> EXERCISE OBJECTIVE
Using the records below, transcribe exactly only the lines from the one with "主授课目:(Pre)AMC8/AMC8/(Pre)AMC10/AMC10" through the end, both included, and drop every picture.

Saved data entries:
# # #

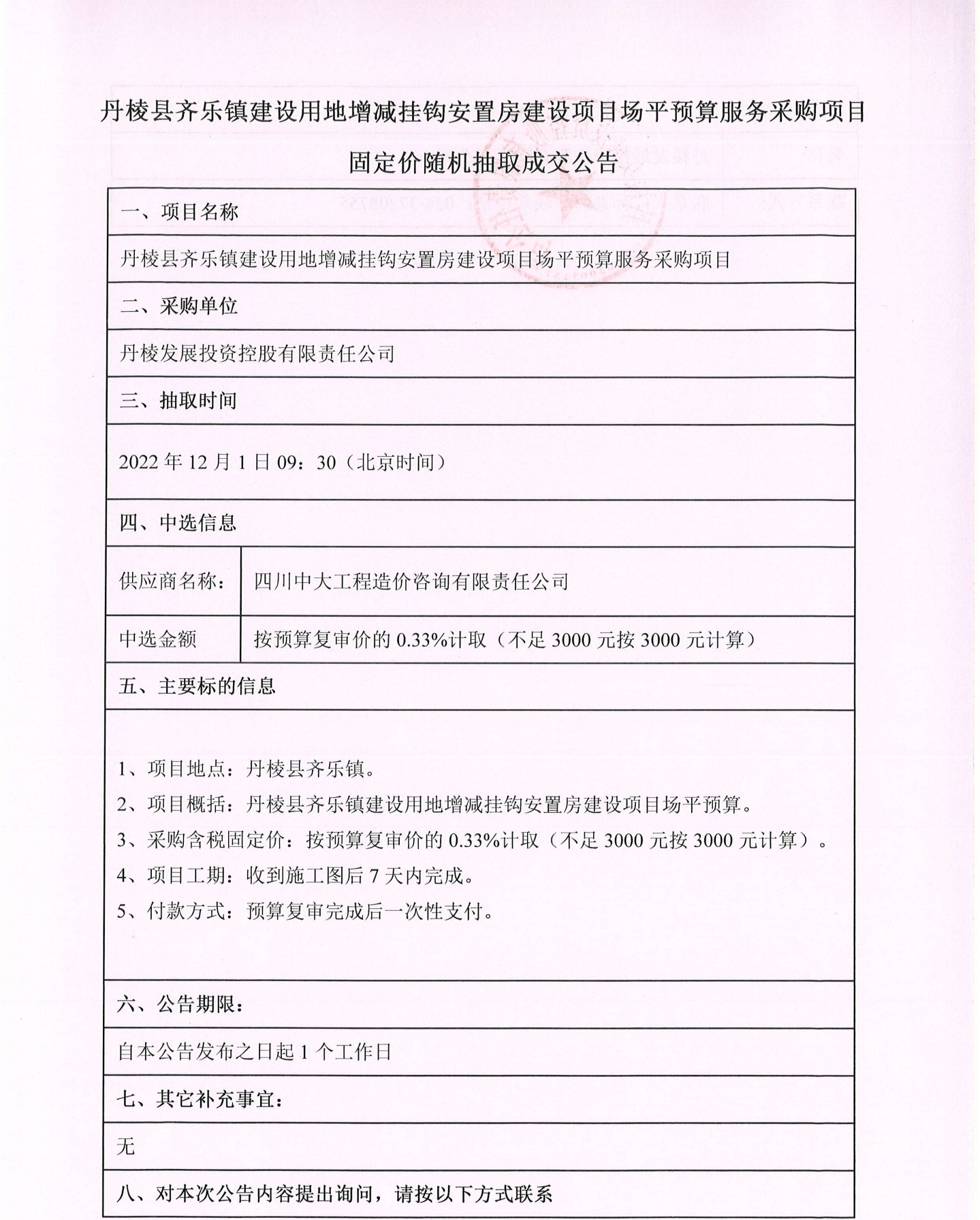 丹棱縣齊樂鎮(zhèn)建設(shè)用地增減掛鉤安置房建設(shè)項目場平預(yù)算服務(wù)采購項目固定價隨機抽取成交公告
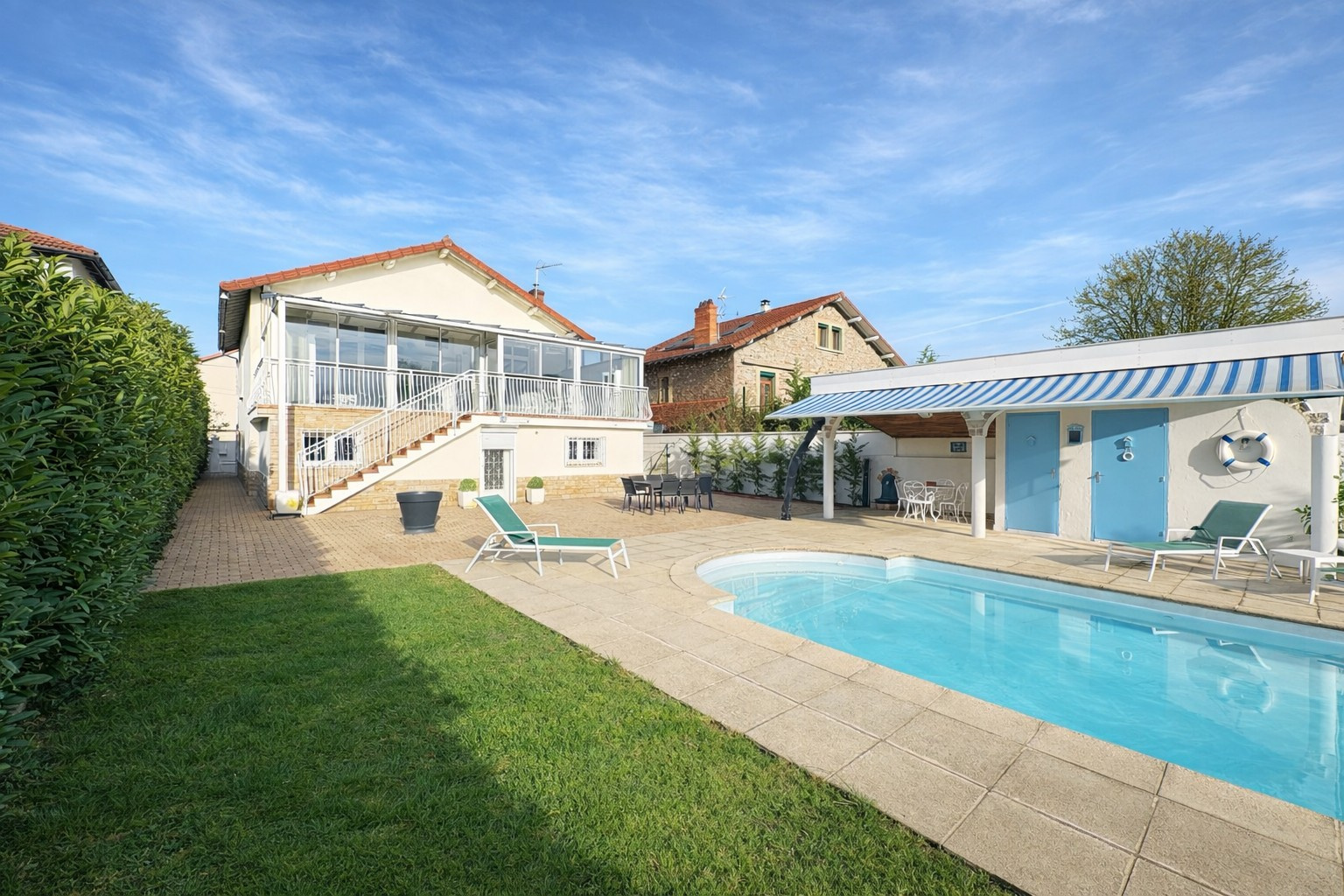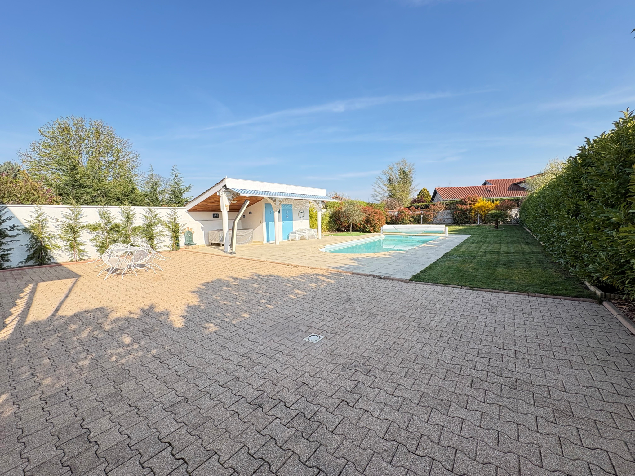 À l’extérieur, le terrain clos et soigneusement entretenu de 800 m² accueille une piscine avec son pool house, véritable lieu de détente et de convivialité aux beaux jours.
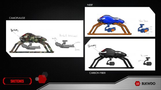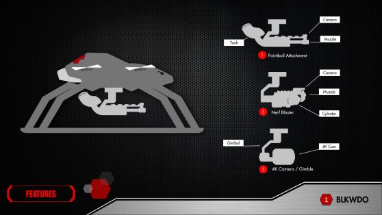 BLKWDO is a tactical drone concept which features 4 swappable attachments which snaps onto the drone. Made of premium quality components including carbon fiber, aircraft grade aluminum and durable ABS plastic. The BLKWDO is also available in several color options to fit your lifestyle!
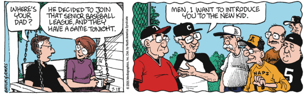 For those of you new to the Crankensphere, Cranky’s been on a senior baseball/softball league for nearly 20 years, giving Davis plenty of clipart to select from this week. We’ve even already had a week of Davis, senior baseball material in 2017. Looking at those gives a good indication of how far his photoshop efforts have fallen off.
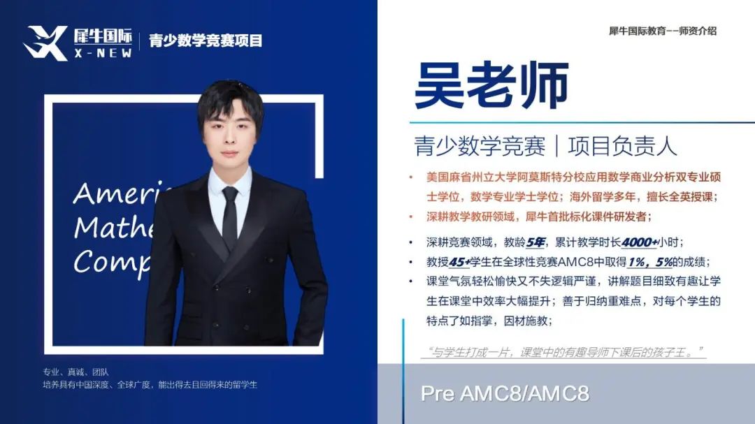 主授课目:(Pre)AMC8/AMC8/(Pre)AMC10/AMC10
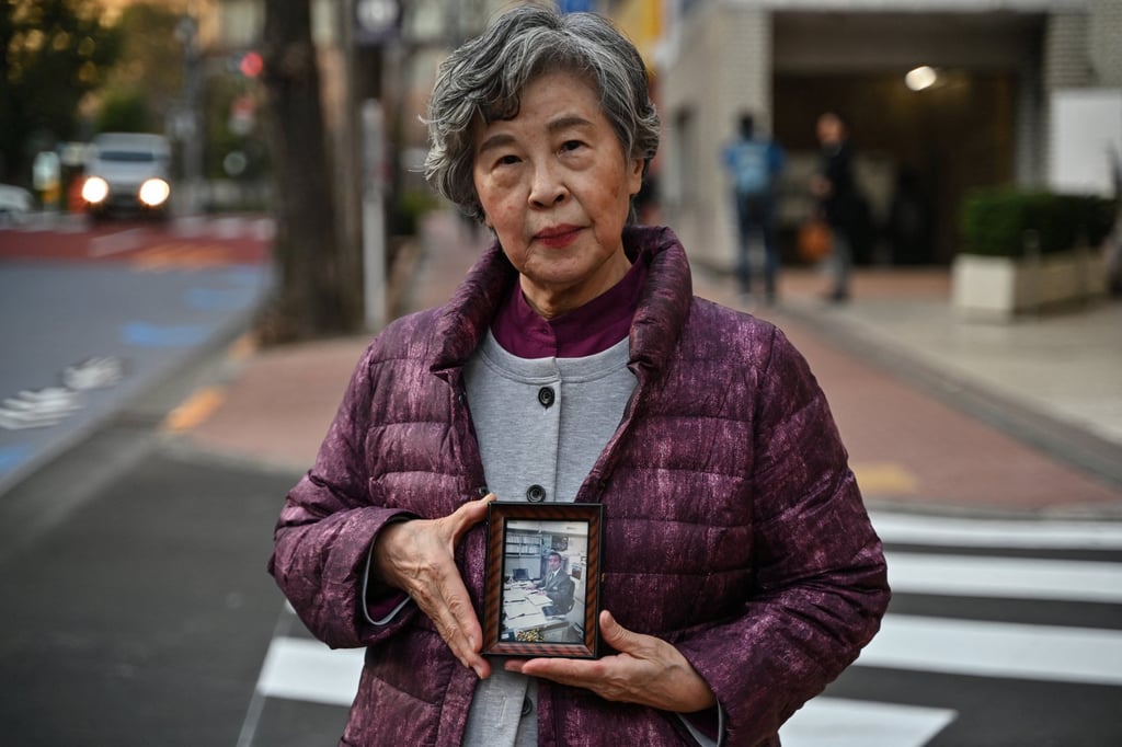 1995年沙林毒气事件中丧生的高桥和正之妻佐佐木静枝,今年二月在东京地铁站外手持丈夫遗照。摄:法新社

# # #

> ANSWER TO THIS TASK
 主授课目:(Pre)AMC8/AMC8/(Pre)AMC10/AMC10
 1995年沙林毒气事件中丧生的高桥和正之妻佐佐木静枝,今年二月在东京地铁站外手持丈夫遗照。摄:法新社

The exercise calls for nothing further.